Lazy Evaluation: Polars operates on the principle of ‘lazy evaluation’, creating an optimized logical plan of operations for efficient execution, a feature that mirrors the functionality of Apache Spark.
Parallel Execution: Demonstrating the capability to exploit multi-core CPUs, Polars facilitates parallel execution of operations, substantially accelerating data processing tasks.

Prerequesites This Guide assumes basic familiarity with StatsForecast. For a minimal example visit the Quick Start

Follow this article for a step to step guide on building a production-ready forecasting pipeline for multiple time series. During this guide you will gain familiary with the core StatsForecastclass and some relevant methods like StatsForecast.plot, StatsForecast.forecast and StatsForecast.cross_validation. We will use a classical benchmarking dataset from the M4 competition. The dataset includes time series from different domains like finance, economy and sales. In this example, we will use a subset of the Hourly dataset. We will model each time series individually. Forecasting at this level is also known as local forecasting. Therefore, you will train a series of models for every unique series and then select the best one. StatsForecast focuses on speed, simplicity, and scalability, which makes it ideal for this task. Outline:

Install packages.
Read the data.
Explore the data.
Train many models for every unique combination of time series.
Evaluate the model’s performance using cross-validation.
Select the best model for every unique time series.

Not Covered in this guide

Forecasting at scale using clusters on the cloud.

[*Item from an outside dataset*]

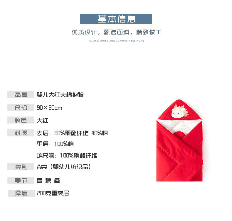 신생아 홍면 패딩 이불 신생아 이불 면화 가을과 겨울 아기 이불로 아기 새해 용품스토어 가기

Forecast the M5 Dataset in 5min using Ray clusters.

Forecast the M5 Dataset in 5min using Spark clusters.

Learn how to predict 1M series in less than 30min.

Training models on Multiple Seasonalities.

Learn to use multiple seasonality in this Electricity Load forecasting tutorial.

Using external regressors or exogenous variables

Follow this tutorial to include exogenous variables like weather or holidays or static variables like category or family.

Comparing StatsForecast with other popular libraries.

You can reproduce our benchmarks here.

Install libraries

We assume you have StatsForecast already installed. Check this guide for instructions on how to install StatsForecast.

Read the data

We will use polars to read the M4 Hourly data set stored in a parquet file for efficiency. You can use ordinary polars operations to read your data in other formats likes .csv. The input to StatsForecast is always a data frame in long format with three columns: unique_id, ds and y:

The unique_id (string, int or category) represents an identifier for the series.
The ds (datestamp or int) column should be either an integer indexing time or a datestampe ideally like YYYY-MM-DD for a date or YYYY-MM-DD HH:MM:SS for a timestamp.
The y (numeric) represents the measurement we wish to forecast.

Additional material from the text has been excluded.